Literate programming: Difference between revisions

Content deleted Content added

Inline

Revision as of 18:59, 26 December 2008

LITERATE PROGRAMMING is an approach to programming (a "paradigm") which was introduced by one of the programming legends of the earlier generation, Donald Knuth.

When presenting L.P. in a 1983 paper (see "Literate Programming" by Donald E. Knuth, in Computer Journal), he directly positioned it as an alternative to "Structural Programming" of the 1970s (which in turn was a successor to programming practices on earlier computers before the advent of higher-level programming languages), i.e. as a programming paradigm, and sometimes called it a new "language" - written on top of Pascal, or C, or any other language of machine instructions. When asked about his preferred programming language, Knuth replies "WEB" or "CWEB", which is the name of his L.P. system.

Overivew

The major idea of L.P. is to stop coding in the manner and order imposed by the computer, and provide tools to enable the human programmer to develop a program in the order demanded by the logic and flow of his thought: imagine a human trying to explain the program concepts to you, rather than reading and deciphering machine source code line by line.

In contrast to the traditional practice an L.P. program is not machine code, sequenced to best suit the machine, with some side comments to help humans to decipher it post-factum.

Rather in L.P. the program is written as an uninterrupted exposition of logic in an ordinary human language, as if a text of an essay, in which macros which hide abstractions and/or direct code are included.
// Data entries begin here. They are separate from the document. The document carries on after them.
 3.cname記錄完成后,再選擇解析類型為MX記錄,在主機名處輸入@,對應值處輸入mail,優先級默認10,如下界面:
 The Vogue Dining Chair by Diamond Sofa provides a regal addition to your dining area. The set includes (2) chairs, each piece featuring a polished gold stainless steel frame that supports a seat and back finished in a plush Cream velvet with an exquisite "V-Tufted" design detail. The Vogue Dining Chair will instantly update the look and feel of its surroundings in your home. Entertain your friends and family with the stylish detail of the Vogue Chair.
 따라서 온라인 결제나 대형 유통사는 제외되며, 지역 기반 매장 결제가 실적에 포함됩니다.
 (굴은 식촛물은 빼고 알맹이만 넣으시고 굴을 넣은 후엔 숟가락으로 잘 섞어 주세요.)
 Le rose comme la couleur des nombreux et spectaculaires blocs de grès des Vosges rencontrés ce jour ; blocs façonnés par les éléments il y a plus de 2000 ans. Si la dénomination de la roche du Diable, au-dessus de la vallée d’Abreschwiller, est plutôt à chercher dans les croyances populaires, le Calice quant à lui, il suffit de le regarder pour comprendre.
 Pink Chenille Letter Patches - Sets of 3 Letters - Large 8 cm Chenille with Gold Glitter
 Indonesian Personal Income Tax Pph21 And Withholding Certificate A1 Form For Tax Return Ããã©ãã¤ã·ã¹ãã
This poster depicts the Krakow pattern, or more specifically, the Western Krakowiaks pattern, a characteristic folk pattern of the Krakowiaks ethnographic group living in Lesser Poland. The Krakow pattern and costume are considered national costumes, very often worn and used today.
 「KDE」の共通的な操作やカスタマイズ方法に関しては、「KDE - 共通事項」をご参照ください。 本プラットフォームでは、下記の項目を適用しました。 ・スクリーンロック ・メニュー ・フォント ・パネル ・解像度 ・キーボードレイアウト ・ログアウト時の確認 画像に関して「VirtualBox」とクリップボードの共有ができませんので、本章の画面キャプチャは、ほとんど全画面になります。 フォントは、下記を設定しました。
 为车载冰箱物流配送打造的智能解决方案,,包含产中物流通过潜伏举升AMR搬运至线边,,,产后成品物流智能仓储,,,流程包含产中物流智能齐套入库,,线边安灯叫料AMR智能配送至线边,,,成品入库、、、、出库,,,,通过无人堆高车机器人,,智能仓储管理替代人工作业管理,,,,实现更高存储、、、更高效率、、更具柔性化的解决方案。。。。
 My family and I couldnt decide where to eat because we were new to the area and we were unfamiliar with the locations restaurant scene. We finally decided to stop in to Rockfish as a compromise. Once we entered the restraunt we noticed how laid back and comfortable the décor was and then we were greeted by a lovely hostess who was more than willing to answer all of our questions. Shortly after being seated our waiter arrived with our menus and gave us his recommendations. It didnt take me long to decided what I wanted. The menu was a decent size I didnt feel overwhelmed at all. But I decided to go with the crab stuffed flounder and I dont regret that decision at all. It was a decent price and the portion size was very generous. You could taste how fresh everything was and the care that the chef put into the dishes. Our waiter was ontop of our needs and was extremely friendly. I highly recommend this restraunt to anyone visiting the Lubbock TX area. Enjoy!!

Full code with macros expanded can then in one step be extracted from this text by a literate programming tool and "entangled" (i.e. convoluted, made non-natural for a human) into what the computer demands for further compilation and/or running. Fully formatted documentation is also produced in one step ("weaved") from the same L.P. source file.

While the first generation Literal Programming tools were computer language-specific, the later ones are language-agnostic and exist "above" the programming languages.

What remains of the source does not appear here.